February 24, 2007 Saturday Safar 6, 1428


Editorial


Food price inflation
Tackling industrial pollution
Excessive fare increase
The presidential election: an appraisal
Tripped up by the system



Food price inflation


THE Inflation Monitor of the State Bank of Pakistan released on Thursday indicates that while the overall inflation rate is sliding, the double-digit inflation of most food items persists despite some temporary and half-hearted measures taken by the government to stabilise prices. The contribution of food inflation in the overall Consumer Price Index (CPI) rose to 53.8 per cent in January as against 38.5 per cent a year ago. The prices of essential items of daily consumption are rising faster. The 12-month CPI average was 7.7 per cent as against the food price inflation of 8.5 per cent. Economists say that inflation is a most unfair tax on the poor and is leading to the concentration of national wealth in a few hands. The poor are the worst hit because the country does not have a wide social safety net which also suffers from a poor delivery system. It has not brought about any improvement over the years in real benefits for the poor. Equitable income distribution is not on the government’s agenda. Food inflation is outside the ambit of the State Bank’s monetary policy. Government borrowings for meeting the budget deficit are inflationary. Increased savings that could lower consumer spending and finance productive investment are being discouraged by a negative return on bank deposits. So, the inflationary trend remains unchecked.

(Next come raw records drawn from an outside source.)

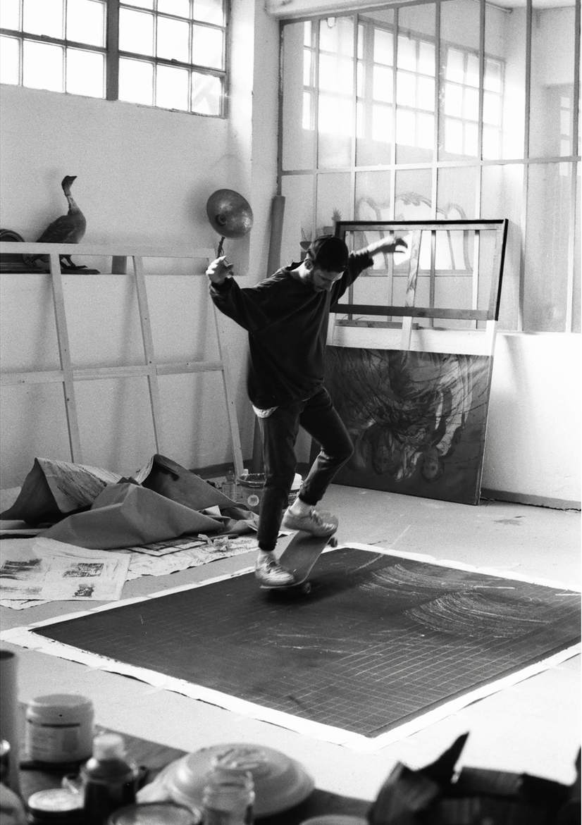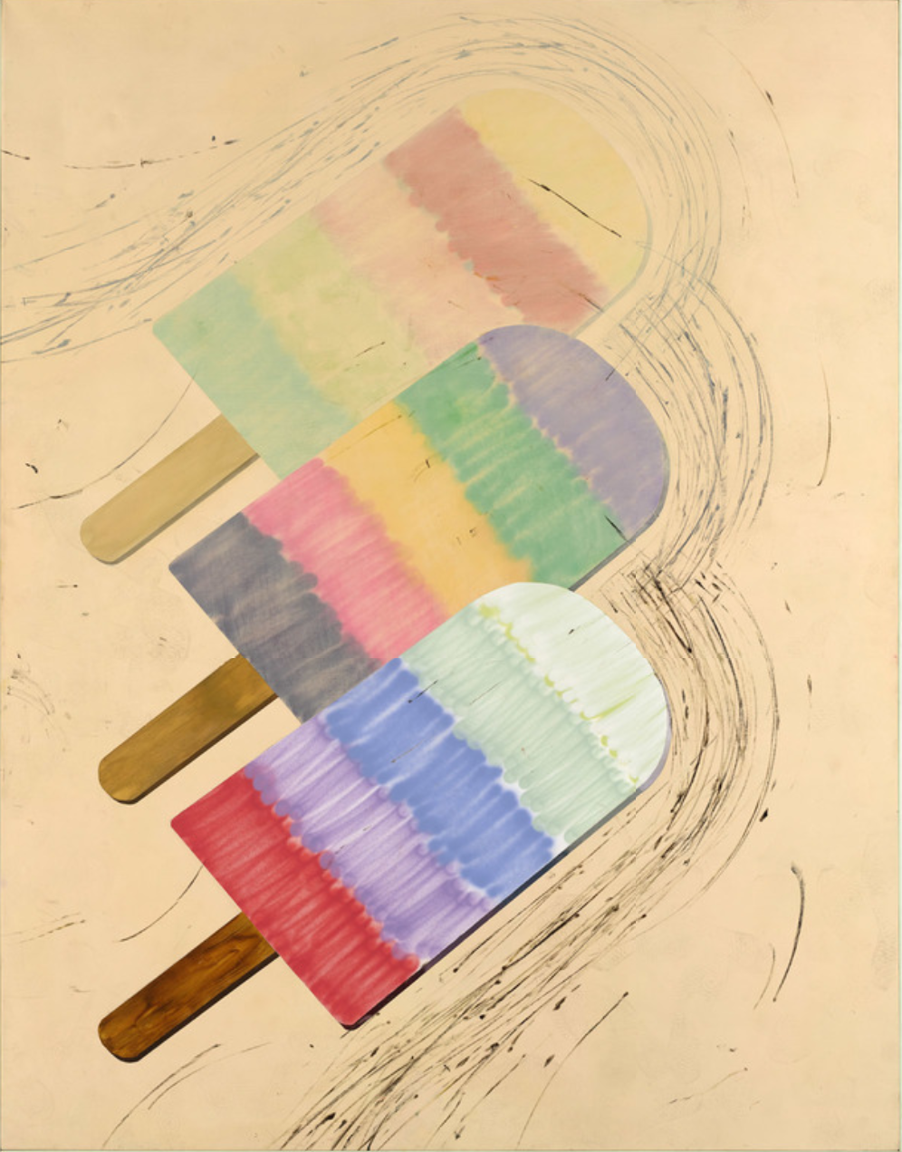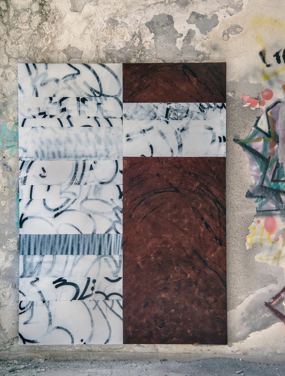 奥利冰棒,2020 喷漆、壁画、滑板痕迹、帆布上的沥青 220 × 170 厘米
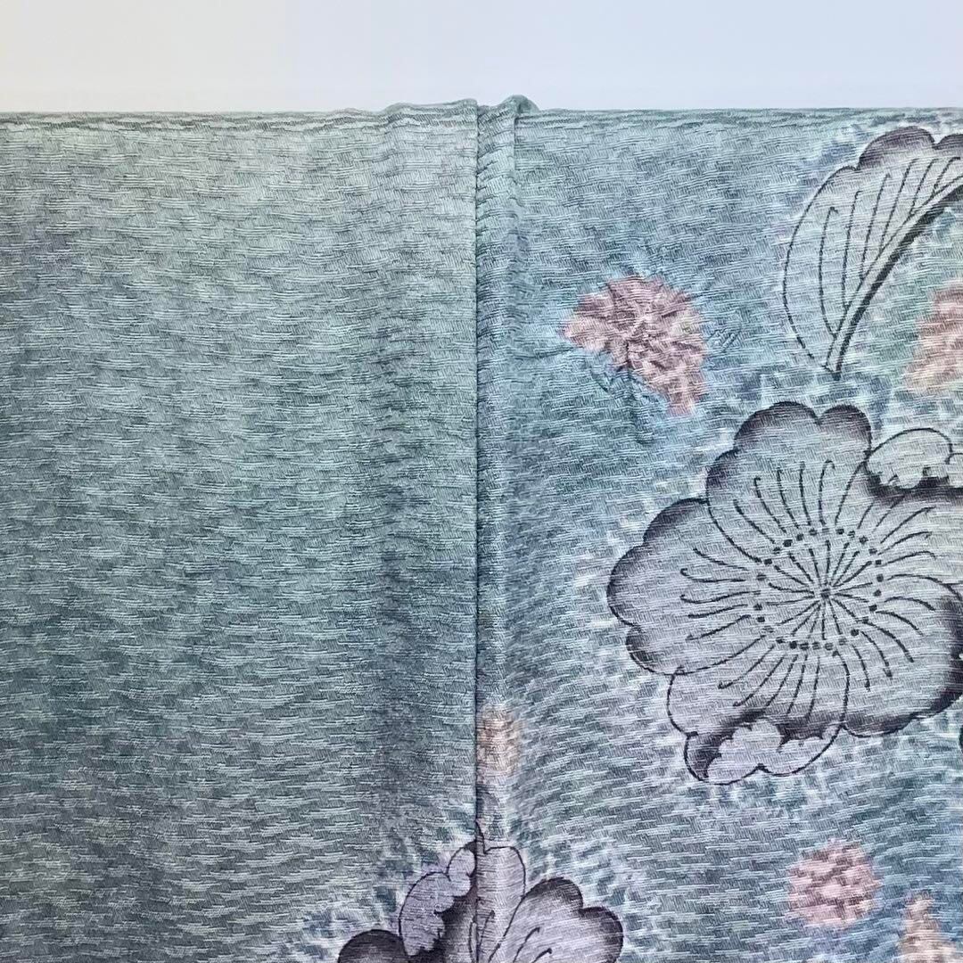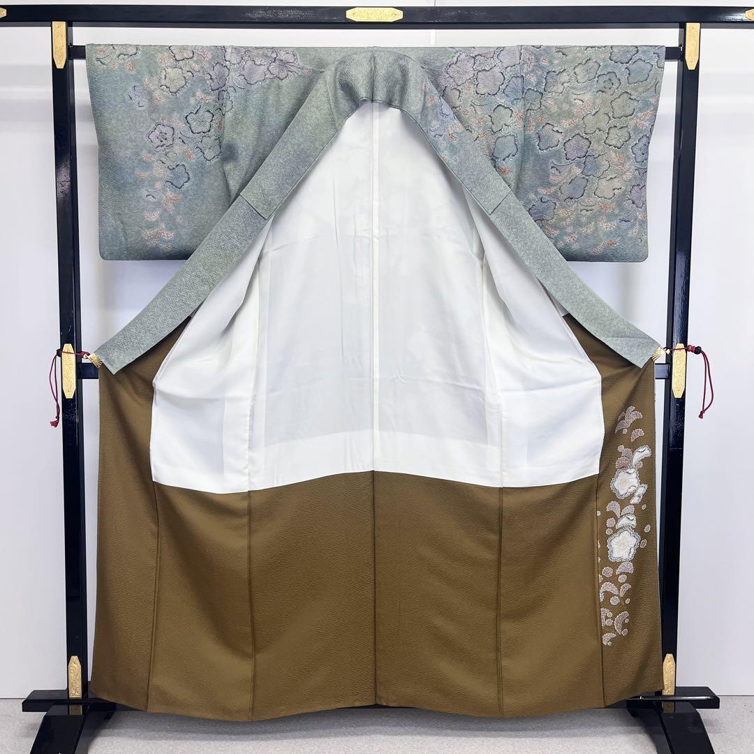 青磁色ベースの落ち着きのあるくすみカラーの美しい暈し染の色彩、柄部分に銀通し、金駒刺繍などでデザインされた辻が花絞りの素敵な柄裄のお品でございます。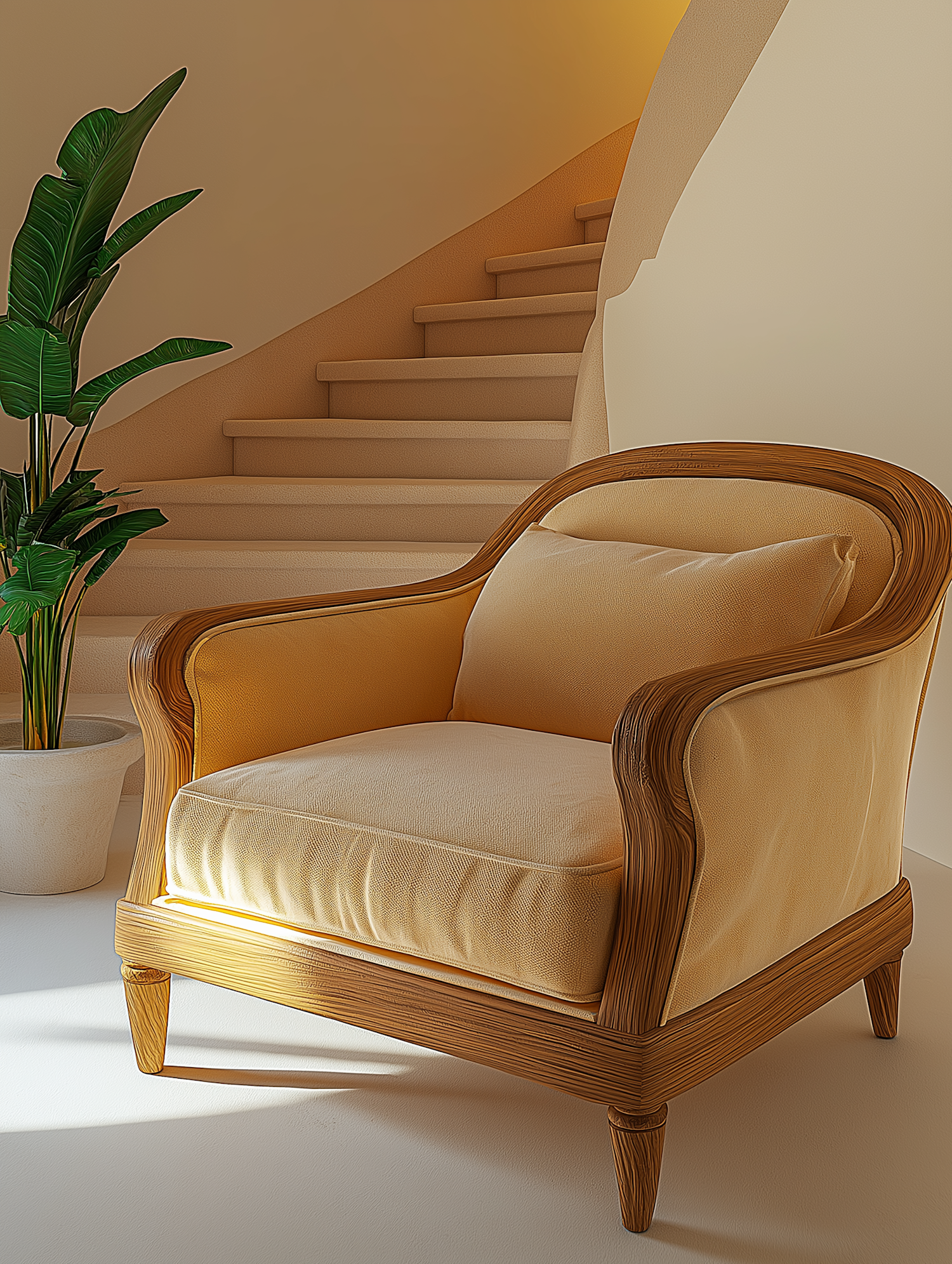 Elegant beige armchair with wooden frame in a warmly lit room, complemented by a green plant and a curving staircase.

The government has resorted to brief interventions in the case of market abuse and failures, including hoarding and speculation, to smoothen supplies to stabilise prices. But that has not proved enough in an economy which is a halfway house between a market and essentially a mediaeval agrarian system. The prices of essential items cannot, therefore, be left at the mercy of the markets: official policies must radically shift to ensure that the prices of food and other basic necessities of life remain stable by linking them to the cost of production. The immediate task of the government should be to formulate a Produce Price Index which must be issued periodically like the Consumer Price Index. The prices of food items are linked to the much neglected agricultural sector which suffers from low productivity and lack of investment in technological innovations and improvements. It is a major sector ill-served by the banking system and is starved of much needed credit. The SBP governor has expressed her concern over the slow growth in agricultural credit as only 45 per cent of the targeted Rs160 billion has been disbursed in the first half of the current fiscal year. Also, agricultural credit is concentrated in a small segment of the affluent farmers and not widely dispersed region-wise and province-wise.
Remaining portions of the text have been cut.